И, метнув яростный взгляд, она выходит из павильона.

Номер удался. Теперь я не сомневаюсь, что сегодня мы непременно встретимся. И в постели она заставит меня поклясться, что я позвоню и объясню этому болвану (мужу), «который, как известно, бросается на любую грязную девку и на любую дешевую сцену», что эпизод – лишний! Актриса! Как же я люблю актрис! И конечно же, я ей пообещаю, и конечно же, с удовольствием докажу «этому болвану», что сцена лишняя. Грех дарить все эти удивительные слова стаду лакеев.

Когда Виардо уходит, я приглашаю всех соединиться у гроба. И тогда шепотом я произношу главное:

– Тургенев не любил эту старуху… Я говорю о Виардо!

Отвратительный в ужасе оборачивается, но жены, к счастью, нет. И он смелеет. Говорит потрясенно:

– Иди на фиг!

– Именно, – продолжаю я. – Просто Тургенев всегда был напуган. Сначала напуган властной матерью, которая била крепостных и не давала ему денег. А потом напуган Властью. Однажды, вернувшись ненадолго в Петербург, он был вызван в Третье отделение для дачи показаний по делу революционного народника Серно-Соловьевича. Перед допросом, в виде особой милости, ему дали заранее ознакомиться с показаниями других обвиняемых. И Тургенев записал после: «Я читал эти показания и все время слышал в них заячий крик, который так знаком нам, охотникам…» Вот этот заячий крик… это приближение собак: рвутся… рвутся… слюна брызжет… оскалы! И последний бессильный вопль заячьей поверженной жизни… Эти морды приближающихся псов заставляли Тургенева жить за границей. И он инстинктивно придумал (выработал) любовь и сам поверил в свою версию великой (вечной) любви. Ему нельзя было, друзья мои, «ухилять за бугор» от царизма. Он все-таки был великий русский писатель. Ему нужно было иметь право возвращаться к воздусям родным, к березкам и прочей ностальгии. И тогда была им создана эта удобная история о великой любви. Каковая и самому по душе пришлась, и Власти (любви возжаждал, видишь ли, а не нас, монстров, боится). – И, обняв моего друга, я добил: – Ну ты же умница, ты сам знаешь: может ли тончайший человек любить старую актрису – тщеславную, скупую и жеманную? Старая актриса – это национальность, а не профессия.

– Не согласен! Не согласен! – завопил Отвратительный и, приникши к гробу, зашептал в ухо Тургенева: – И пусть! Пусть морщинки вокруг прекрасного рта. Но зато кукольное это личико и божественный носик… А глазки…
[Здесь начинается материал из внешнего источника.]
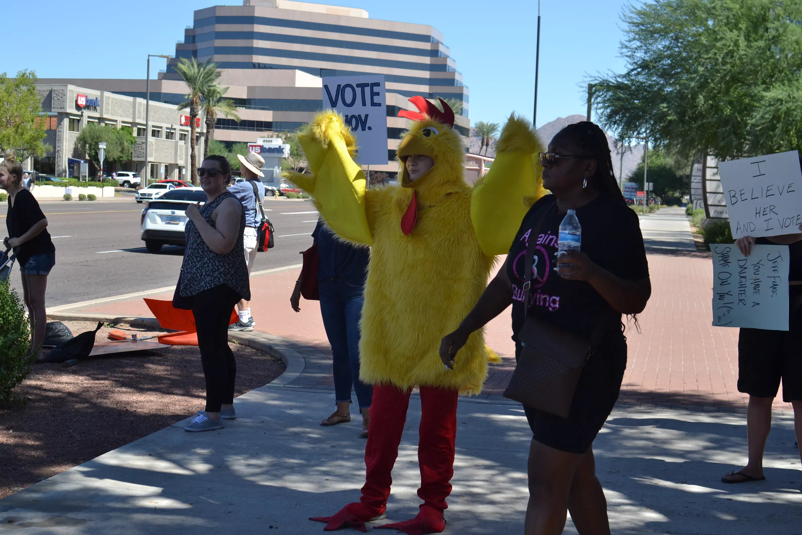 The rally brought also out Clucky the Flaky Chicken, a.k.a. Melody Steele. Steele, who is 17, said Clucky hadn’t made a public appearance since the Trump rally in Phoenix in August 2017.
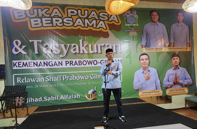 “Kami dari Shaf Prabowo-Gibran 1930 melaksanakan acara Buka Puasa Bersama sekaligus Tasyakuran kemenangan Prabowo-Gibran. Acara ini dilaksanakan sebagai bentuk rasa syukur kami atas kemenangan Prabowo-Gibran. Sebanyak 96.214.691 Rakyat Indonesia memberikan hak suaranya kepada pasangan 02. Artinya masyarakat sangat percaya kepada Prabowo-Gibran,” tuturnya.
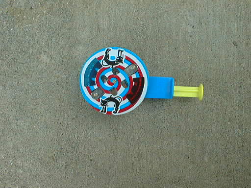 近所のお祭りの露店で売っていた。これまた知る人ぞ知るロングセラーの駄おもちゃ。注射器のようなピストンを押すことで、丸い鉄製の板が回転し、(100円ライターの)火花が出る石と接触し、パチパチと火花が飛び散る。板には青と赤のセロファンが貼ってあるので、花火のようにキレイ。当時は30円くらいだったと思うが、現在500円成りぃ〜。これってすぐに壊れてしまうんだ。

– А под глазками кожа висит, как сумка у кенгуру, – сумрачно ответил из гроба Тургенев. И тут он с силой оттолкнул от себя режиссера и истошно завопил: – Здравствуйте, Павел Петрович!

Это в павильон вошло ответственнейшее Лицо отечественной кинематографии. За Лицом шевелились директор киностудии и рать сопровождающих.

– Здравствуйте, дорогой. – Лицо опрометчиво протянуло руку Тургеневу.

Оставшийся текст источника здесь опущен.